I have been reading the Book of Psalms for about, 88 days now.  Every couple of days I come across a Psalm that, I think, could easily be my favorite one; every couple of days, I find another.  Psalm 88 is no exception, but for the fact that, as far as I can tell, it is like no other.  Just read it. 

This is a song, Folks -- a song.  Personally, I've never read any song in the Bible that remotely resembles Staind, but this is probably as close as it gets.  During my "darker days," I was a huge fan -- Staind is sexy fueled by angry and depressed.  My favorite group since my teens has been Pink Floyd -- more neurotic than sexy, but always depression resulting in rage.  I identify -- to a point.  That point is where the only solution is rage, violence, hatred, or simply more depression.  My faith refuses (Thank God!) to allow there are no solutions. 

Psalm 88 is unlike any other in that there appears to be no solutions, no end to the despair.  Other Psalms, for instance, cry out to God for redemption, mercy, His loving forgiveness; before the Psalm is over, the author is rejoicing in the assurance God is near, He will save, and all is well.  While these songs and ruminations may be uplifting in the short-term, what about those who feel untold despair?  What about those who are living with pain and depression every day, hour after hour?  What about those who really do have no way to change their circumstances, or no one to advocate their release?  With no disrespect, do you think ten verses later they're whistling "Victory is Mine?"  Sometimes despair is a season.  Sometimes loneliness is a pit.  Sometimes, ten verses later, our circumstances are no better than they were when we opened the Word, and our hearts are just as heavy.  We are human.  We worry, we fear, we grieve and we fail.  Then, as Christians, we worry, fear and grieve over our failings as Christians.  The questions and doubts we feel do not coincide with what we know to be true.  Why can't we just feel it?  I believe this Psalm is for us.
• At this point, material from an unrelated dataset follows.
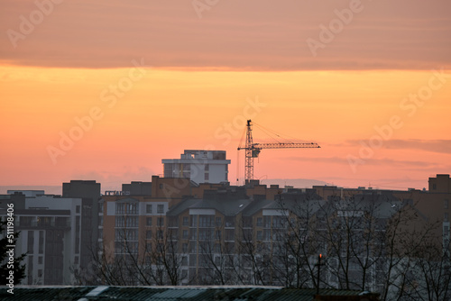 Fototapeta premium Dark silhouette of tower cranes at high residential apartment buildings...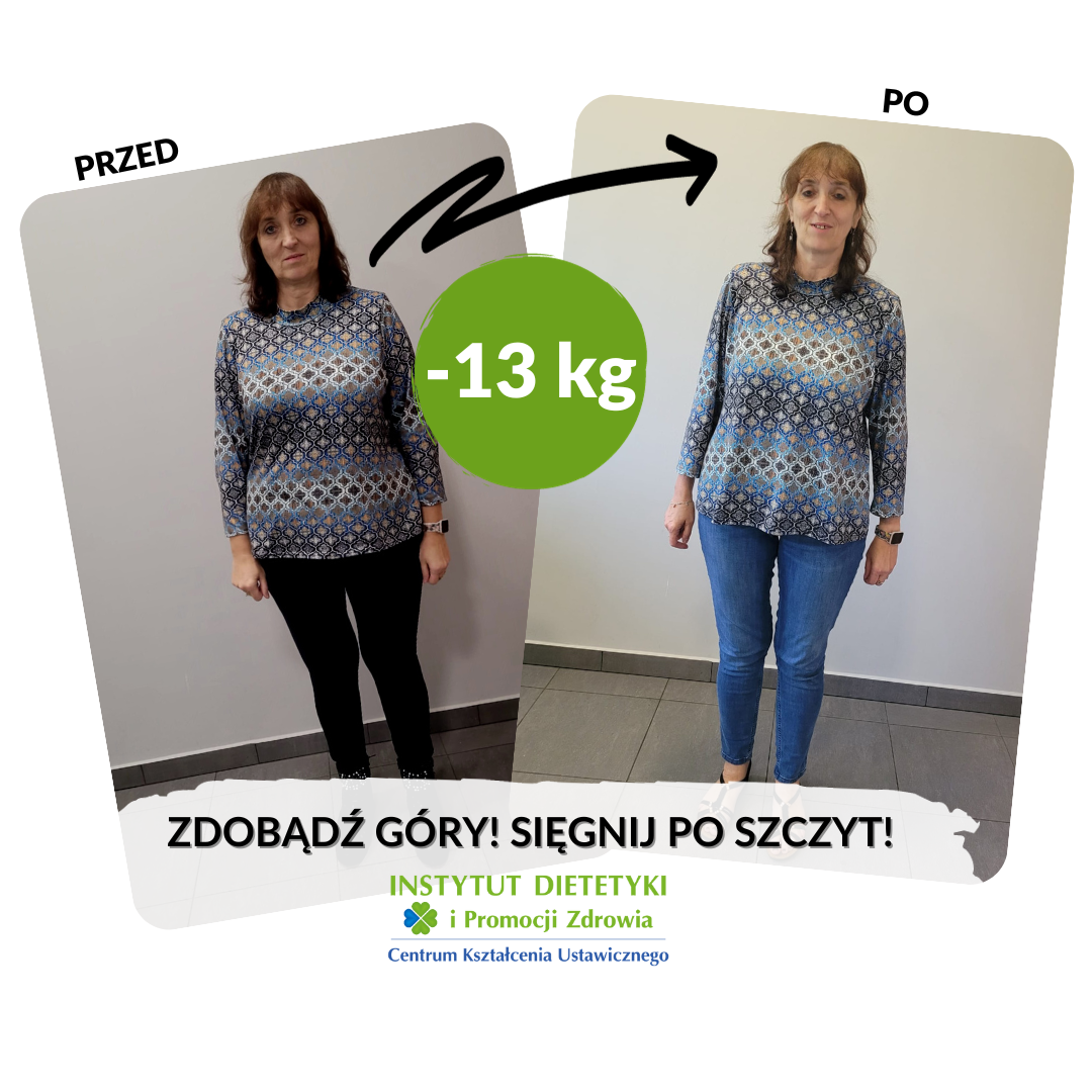 Pani Beata bardzo się starała, cierpliwie i wytrwale dążyła do celu i ważne dla niej było też wypracowanie zdrowych nawyków żywieniowych na zawsze 🥑🍊🍏 Początki są trudne, ale Pani Beata samodzielnie przez nie przeszła, świetnie sobie poradziła. Tak naprawdę kiedy się poznaliśmy, to wspólnie dokończyliśmy proces odchudzania, by dojść do wyznaczonego celu 🤷 Pani Beata przyszła do nas z problemami zdrowotnymi, głównie z insulinoopornością. Wielu z Was wie, że insulinooporność może mocno komplikować proces odchudzania, ale Pani Beata bardzo cierpliwie i starannie dążyła do celu 📝

Just look at verse 1: "O Lord, the God who saves me..."  First of all, would this psalmist be speaking to or writing to a God he doesn't believe would listen?  Secondly, the psalmist says "the God who saves me."  Not "saved," past tense, as in the one who redeemed him at some point, but saves -- present tense, and implying timelessness.  He knows God is there; I believe he even knows God will eventually rescue him, but for right now... this is how he feels.

Verse 5:  "I am... like the slain who lie in the grave."  Not dead -- feeling like it, maybe even wishing it perhaps, but not dead.

Verses 9 & 13:  Still, "I call to you, O Lord, every day."  "I cry to you for help, O Lord."  Why, if he has no faith?  Why, if he truly believes God has abandoned him?  Why, if God will not save?

Lastly, the psalmist himself:  Does anyone get that his name is Heman? From what I gather, Heman means "faithful."  I don't see this as being lost on him at all.  I see pleas cried out and tears shed by a lonely, desperate, but faithful individual.  Pleas and tears recorded by a loving, faithful God, just for me, a sometimes lonely, desperate, but faithful individual.  Commiseration through the ages.  Assurance that others have been where I've been, felt what I've felt, expressed it without fear of reprisal, and remained faithful, even when it lasted for a season.